(To do):
Print only the lines below, from the very first to the one containing "- Dit dierenhok", exactly as they stand. Do not print pictures.

(Extracted data):
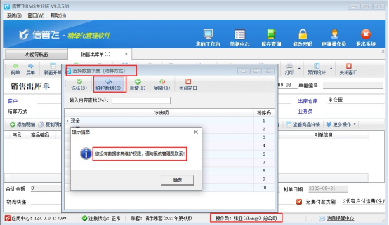 信管飛RMS軟件支持把一列常見內(nèi)容可提前維護(hù)到一個(gè)數(shù)據(jù)字典中,方便開單時(shí)候直接選擇錄入,例如“結(jié)算方式”,為避免設(shè)置多個(gè)操作員登錄軟件隨意修改,信管飛RMS軟件可控制操作員的數(shù)據(jù)字典維護(hù)權(quán)限,本文示范下如何操作?
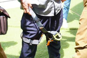 高さ15mの巨大発射台に立ち、身体に固定した2本のゴムロープで引っ張られるとカウントダウン。まるで弓矢のように空に向かって放たれる。
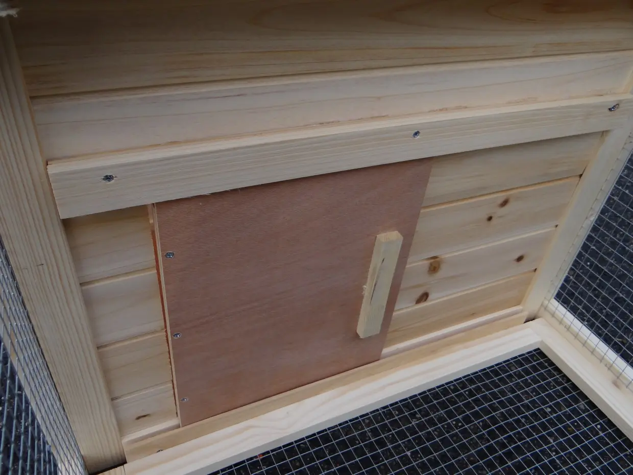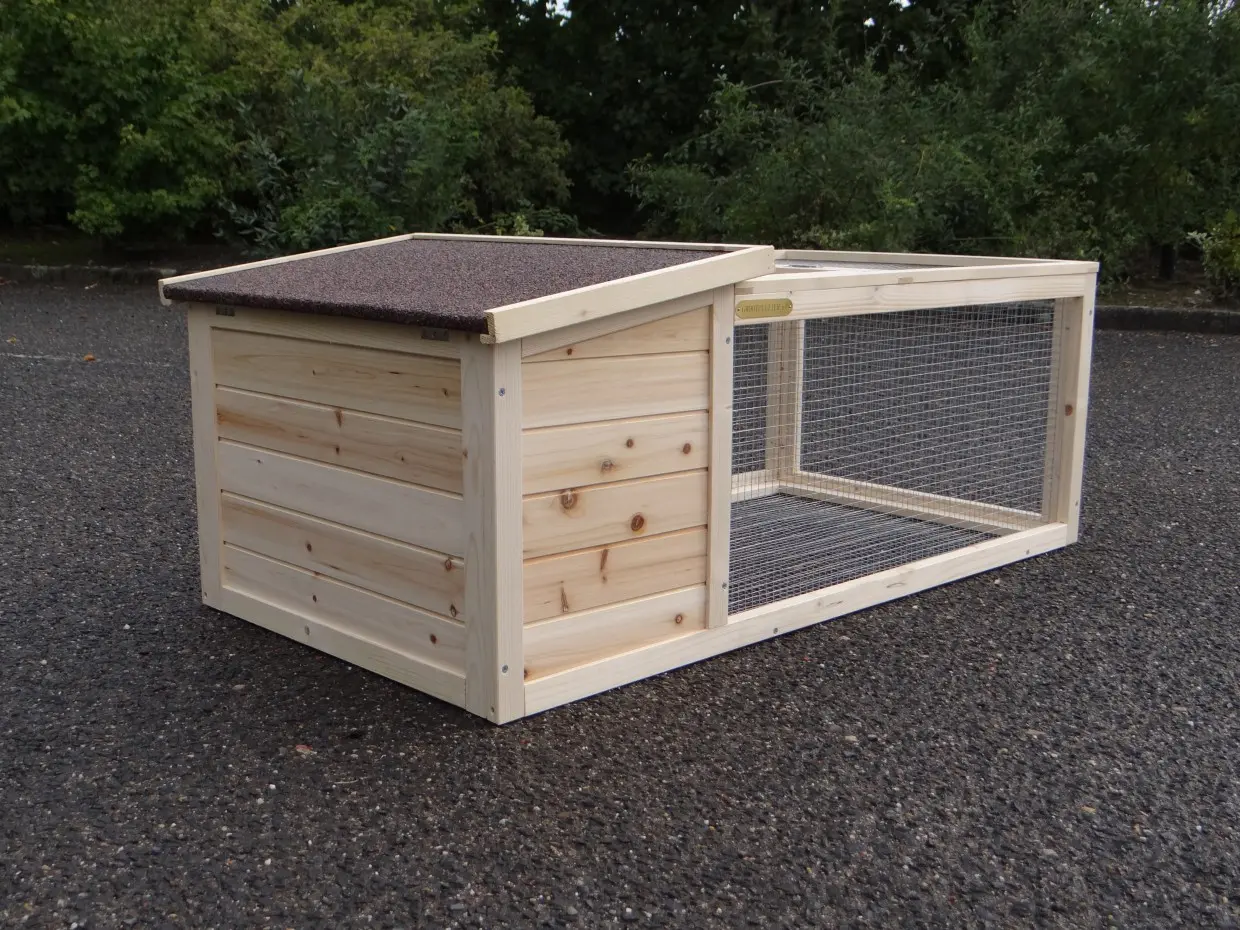 - Dit dierenhok is gemaakt van mooi dennenhout
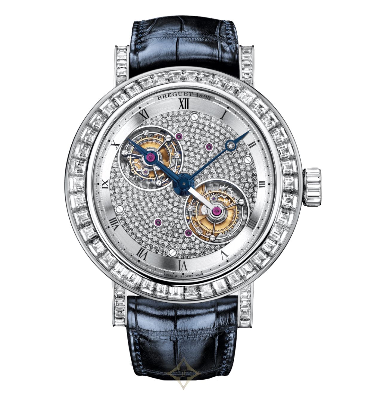 Breguet Classique Grande Complication Double Tourbillon Manual 50 mm 5349PT/11/9YV/DD0D PRICE: £794,167 (Ex VAT £661,806) Retail Price (EU): £982,393 (saving up to 19 %) DETAILS Warranty: 2 years Country of Manufacture: Switzerland Case material: Gemstones, Platinum Case diameter (mm) : 50 mm Case Shape: Round Thickness (mm): 18.65 mm Waterproof: 30 meters / 3 ATM Dial: Silver dial & diamonds Movement: Manual winding Movement Calibre: 588 Power Reserve (h): approx. 50 hours when fully wound No. of Jewels: 81 jewels Frequency: 18'000 v.p.h., 2.5 Hz Strap material: Blue alligator leather Clasp (Buckle): Folding Clasp Buckle Material: Platinum Description Breguet Classique Grande Complication Double Tourbillon Manual 50 mm watch. Model reference: 5349PT/11/9YV/DD0D. The platinum case is set with 107 baguette-cut diamonds. Sapphire caseback. Silver dial set with 310 diamonds. Manual-winding movement. Blue alligator leather strap. Swiss made. The watch comes in the original packaging, with a set of documents and 2 years warranty. At Watches of Mayfair we offer new authentic watches at the best prices. ——— Watches of Mayfair Ltd London Concept Boutique BOUTIQUE ADDRESS 13 Shepherd Market, Mayfair, London, W1J 7PQ, UK Phone: +44 20 7629 5055 WhatsApp: +44 7917 880801 EMAIL: sales@watchesofmayfair.com
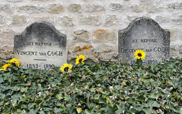 Ограда казалась бесконечной. Мы решили попросить помощи у рабочих, которые ремонтировали ворота. Вернее, они ничего не ремонтировали, а с интересом наблюдали за нами. Хорошо, когда с тобой спутница, говорящая по-французски. Услышав вопрос, рабочие закивали, но не стали показывать пальцем направление, а пошли с нами. Вчетвером подошли к могиле. Помолчали. Скромные плиты, скромные слова: «Здесь покоится Винсент ван Гог», «Здесь покоится Теодор ван Гог». Вспомнил, что у Бога нет мертвых. Не надо говорит «умерший», лучше «усопший». Над братьями растут подсолнухи. Радостные, золотые. Как на картинах Ван Гога.
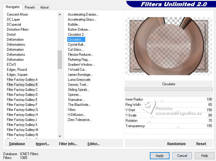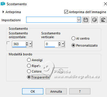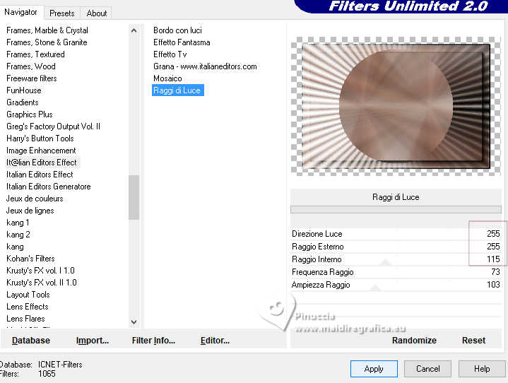 qui puoi trovare qualche risposta ai tuoi dubbi. Se l'argomento che ti interessa non è presente, ti prego di segnalarmelo. Per tradurre il tutorial ho usato PSPX9, ma può essere eseguito con ogni versione di PSP. Dalla versione X4, il comando Immagine>Rifletti è stato sostituito con Immagine>Capovolgi in orizzontale, e il comando Immagine>Capovolgi con Immagine>Capovolgi in verticale. Nelle versioni X5 e X6, le funzioni sono state migliorate rendendo disponibile il menu Oggetti. Con la nuova versione X7, sono tornati Rifletti/Capovolgi, ma con nuove differenze Vedi la scheda sull'argomento qui traduzione in francese qui Le vostre versioni quiOccorrente: ![]() (in questa pagina trovi i links ai siti dei creatori di tubes) ![]() in caso di dubbi, ricorda di consultare la mia sezione filtri qui Filters Unlimited 2.0 qui Italian Editors Effect - Raggi di luce qui Filter Factory Gallery B - Circulator qui I filtri Italian Editors e Factory Gallery si possono usare da soli o importati in Filters Unlimited (come fare vedi qui) Se un filtro fornito appare con questa icona ![]() se stai usando altri colori, sperimenta le modalità di miscelatura e opacità più adatte ai tuoi colori ![]() 1. Imposta il colore di primo piano con #eeded1, e il colore di sfondo con #967a65. ![]() 2. Apri achtergrond.jpg ![]() Questa immagine sarà la base del tuo lavoro. 3. Livelli>Duplica. Immagine>Ridimensiona, al 90%, tutti i livelli non selezionato. ![]() 4. Livelli>Duplica. Chiudi questo livello e attiva il livello sottostante dell'originale. ![]() 5. Effetti>Plugins>Filters Unlimited 2.0 - Italian Editors Effect - Raggi di luce. ![]() 6. Riapri e attiva il livello superiore. Effetti>Plugins>Filters Unlimited 2.0 - Filter Factory Gallery B - Circulator, con i settaggi standard. ![]() 7. Immagine>Ridimensiona, al 90%, tutti i livelli non selezionato. ![]() Di nuovo Immagine>Ridimensiona, all'86%, tutti i livelli non selezionato. ![]() 8. Apri deco-1-282.png ![]() Modifica>Copia. Torna al tuo lavoro e vai a Modifica>Incolla come nuovo livello. Lascialo come sta. 9. Apri deco-2-282.png ![]() Modifica>Copia. Torna al tuo lavoro e vai a Modifica>Incolla come nuovo livello. 10. Effetti>Effetti di immagine>Scostamento. ![]() 11. Aprire il tube principale kind-20 ![]() Modifica>Copia. Torna al tuo lavoro e vai a Modifica>Incolla come nuovo livello. Personalizza il tube a tuo piacimento. Spostalo a sinistra o dove preferisci.12. Firma il tuo lavoro e salva in formato jpg. Per i tubes di questi esempi grazie Brunette ![]() Taylor ![]() ![]() Se hai problemi o dubbi, o trovi un link non funzionante, o anche soltanto per un saluto, scrivimi. |
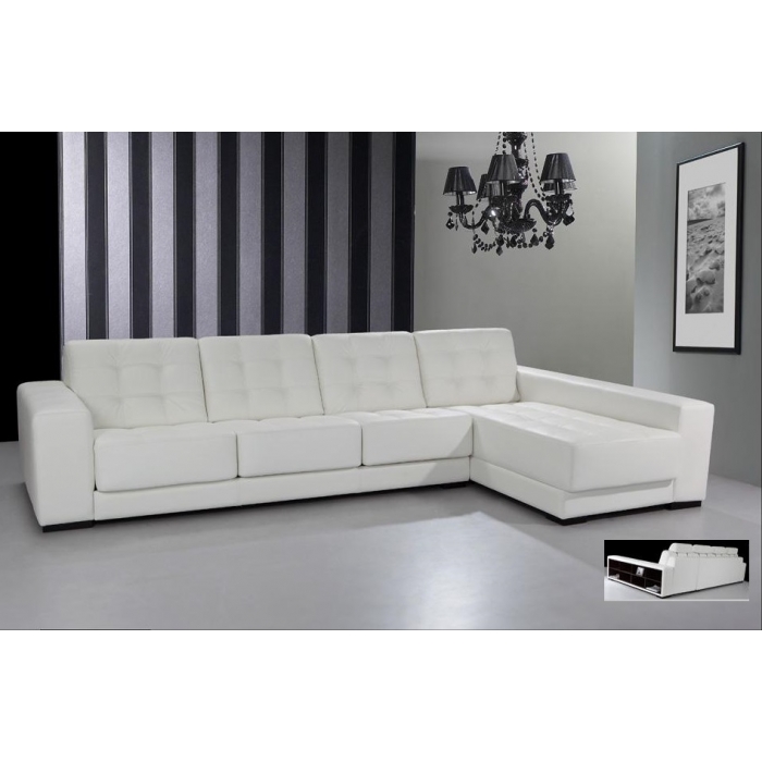 Sofá Domil Canto Sofá em Sintético HUDSON cor 03/01 Pure White. Medidas totais: 330cm x 100cm x 265cm. Ver detalhes
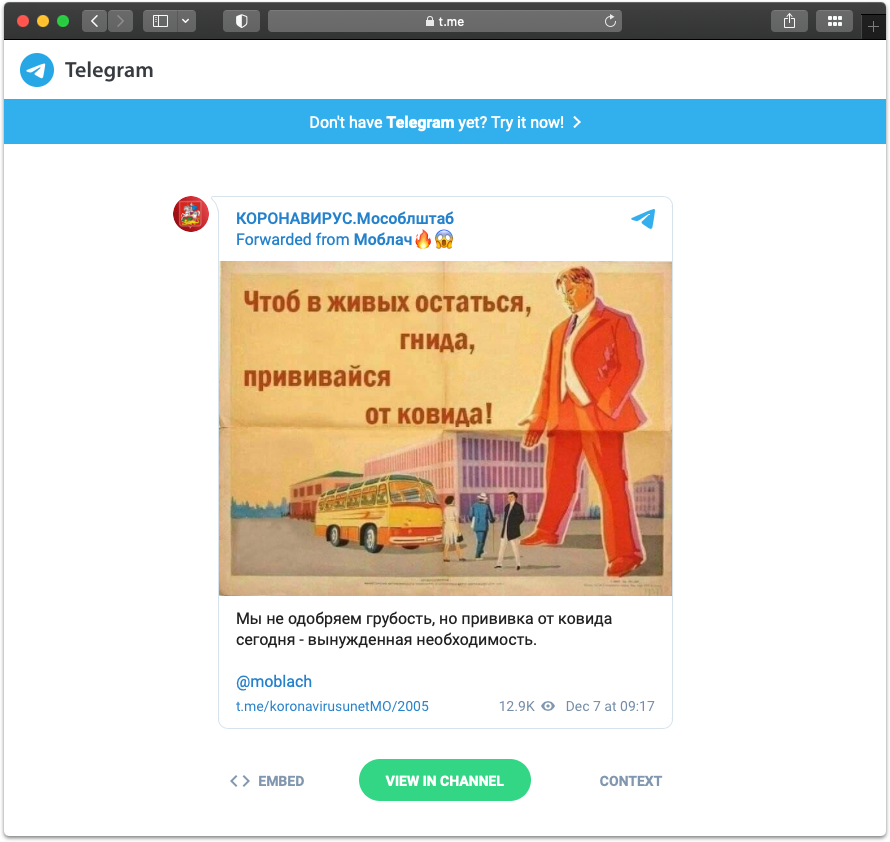 Утром 7 декабря оперативный штаб по борьбе с коронавирусом в Московской области разместил в своем телеграм-канале агитационный плакат с изображением поэта Владимира Маяковского и словами «Чтоб в живых остаться, гнида, прививайся от ковида!». Первоначально его опубликовал канал «Моблач», а Мособлштаб репостнул запись.

(Answer to the problem):
 信管飛RMS軟件支持把一列常見內(nèi)容可提前維護(hù)到一個(gè)數(shù)據(jù)字典中,方便開單時(shí)候直接選擇錄入,例如“結(jié)算方式”,為避免設(shè)置多個(gè)操作員登錄軟件隨意修改,信管飛RMS軟件可控制操作員的數(shù)據(jù)字典維護(hù)權(quán)限,本文示范下如何操作?
 高さ15mの巨大発射台に立ち、身体に固定した2本のゴムロープで引っ張られるとカウントダウン。まるで弓矢のように空に向かって放たれる。
 - Dit dierenhok is gemaakt van mooi dennenhout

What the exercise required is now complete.